Then there is that other world, the world a lot of people try not to see. It is the dog eat dog world. Children are often times ushered in by adults who do not see children as exempt from the harshest sides of life; rather, children are unsophisticated and easy victims. These people see only 2 possibilities- dominated and victimize, or be a victim. Their view is that their victims are weak, and they are strong. It is the victim's fault that they are not strong like they are. This world obliterates compassion.

If you were raised this way, you may have a deep-seeded resentment towards the people who were not exposed to this level of suffering, and shame, thinking you somehow deserved this while others do not. This is made even worse when others, trying to protect their own contentment, turn a blind eye to your painful situation. They just refuse to believe that an adult could violate the rules of compassion towards children. It is simply hard to believe what some people are capable of, and it is easier to blame the victim than to see evil for what it is. Psychos are not outwardly revolting. It is a misconception that we cling to, to protect ourselves, that evil is so different, so other, that we have nothing to do with it. We think that bad people do not inhabit our world, and if they do, we can distance ourselves from them. Psychos are actually very charming. They have to be to be effective. Not even my mom thinks my dad is a bad person. My dad is a very, very bad person, and completely arrogant about it besides. My mom has seen more evidence of that than anyone has, but she still does not believe it.

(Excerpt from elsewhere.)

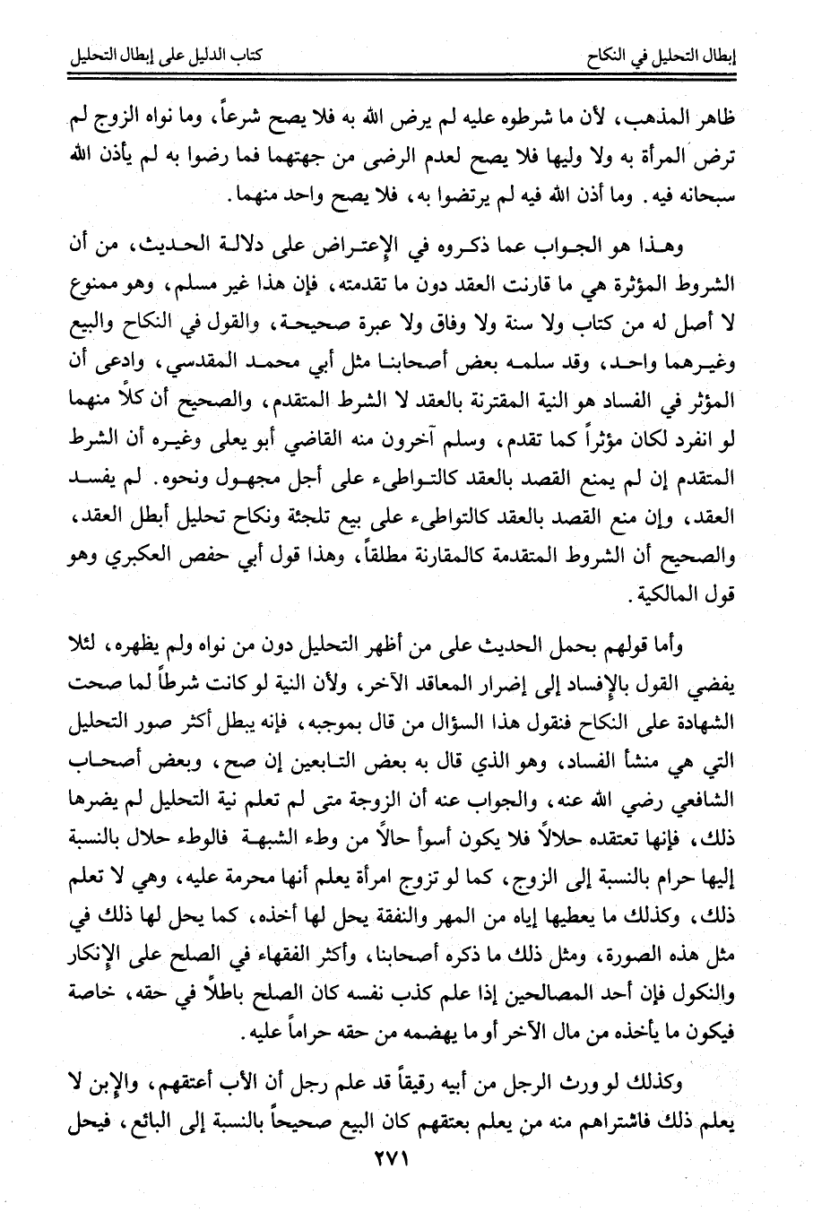 وَأَمَّا قَوْلُهُمْ بِحَمْلِ الْحَدِيثِ عَلَى مَنْ أَظْهَرَ التَّحْلِيلَ دُونَ مَنْ نَوَاهُ وَلَمْ يُظْهِرْهُ، لِئَلَّا يُفْضِيَ الْقَوْلُ بِالْإِفْسَادِ إلَى إضْرَارِ الْمُعَاقِدِ الْآخَرِ، وَلِأَنَّ النِّيَّةَ لَوْ كَانَتْ شَرْطًا لَمَا صَحَّتْ الشَّهَادَةُ عَلَى النِّكَاحِ فَنَقُولُ هَذَا السُّؤَالُ مَنْ قَالَ بِمُوجَبِهِ، فَإِنَّهُ يُبْطِلُ أَكْثَرَ صُوَرِ التَّحْلِيلِ الَّتِي هِيَ مَنْشَأُ الْفَسَادِ، وَهُوَ الَّذِي قَالَ بِهِ بَعْضُ التَّابِعِينَ إنْ صَحَّ، وَبَعْضُ أَصْحَابِ الشَّافِعِيِّ - رَضِيَ اللَّهُ عَنْهُ -، وَالْجَوَابُ عَنْهُ أَنَّ الزَّوْجَةَ مَتَى لَمْ تَعْلَمْ نِيَّةَ التَّحْلِيلِ لَمْ يَضُرَّهَا ذَلِكَ، فَإِنَّهَا تَعْتَقِدُهُ حَلَالًا فَلَا يَكُونُ أَسْوَأَ حَالًا مِنْ وَطْءِ الشُّبْهَةِ فَالْوَطْءُ حَلَالٌ بِالنِّسْبَةِ إلَيْهَا، حَرَامٌ بِالنِّسْبَةِ إلَى الزَّوْجِ، كَمَا لَوْ تَزَوَّجَ امْرَأَةً يَعْلَمُ أَنَّهَا مُحَرَّمَةٌ عَلَيْهِ، وَهِيَ لَا تَعْلَمُ ذَلِكَ، وَكَذَلِكَ مَا يُعْطِيهَا إيَّاهُ مِنْ الْمَهْرِ وَالنَّفَقَةِ يَحِلُّ لَهَا أَخْذُهُ، كَمَا يَحِلُّ لَهَا ذَلِكَ فِي مِثْلِ هَذِهِ الصُّورَةِ، وَمِثْلُ ذَلِكَ مَا ذَكَرَهُ أَصْحَابُنَا، وَأَكْثَرُ الْفُقَهَاءِ فِي الصُّلْحِ عَلَى الْإِنْكَارِ وَالنُّكُولِ فَإِنَّ أَحَدَ الْمُصَالِحَيْنِ إذَا عَلِمَ كَذِبَ نَفْسِهِ كَانَ الصُّلْحُ بَاطِلًا فِي حَقِّهِ خَاصَّةً فَيَكُونُ مَا يَأْخُذُهُ مِنْ مَالِ الْآخَرِ أَوْ مَا يَهْضِمُهُ مِنْ حَقِّهِ حَرَامًا عَلَيْهِ.

Of course, the first world of people trusting and loving each other is so vastly superior to the ruthless, selfish world, both for others and for us. Some people choose the second, though, either because they do not believe the first exists and cannot take that leap of faith, they cannot comprehend that world and those kinds of feelings, or they prefer the sense of power they feel dominating others rather than being on equal footing. I do not know where my dad is with that (probably the later), but I know he is deep inside that dark world. I also know I do not want to be there. I want to be as far from there as possible.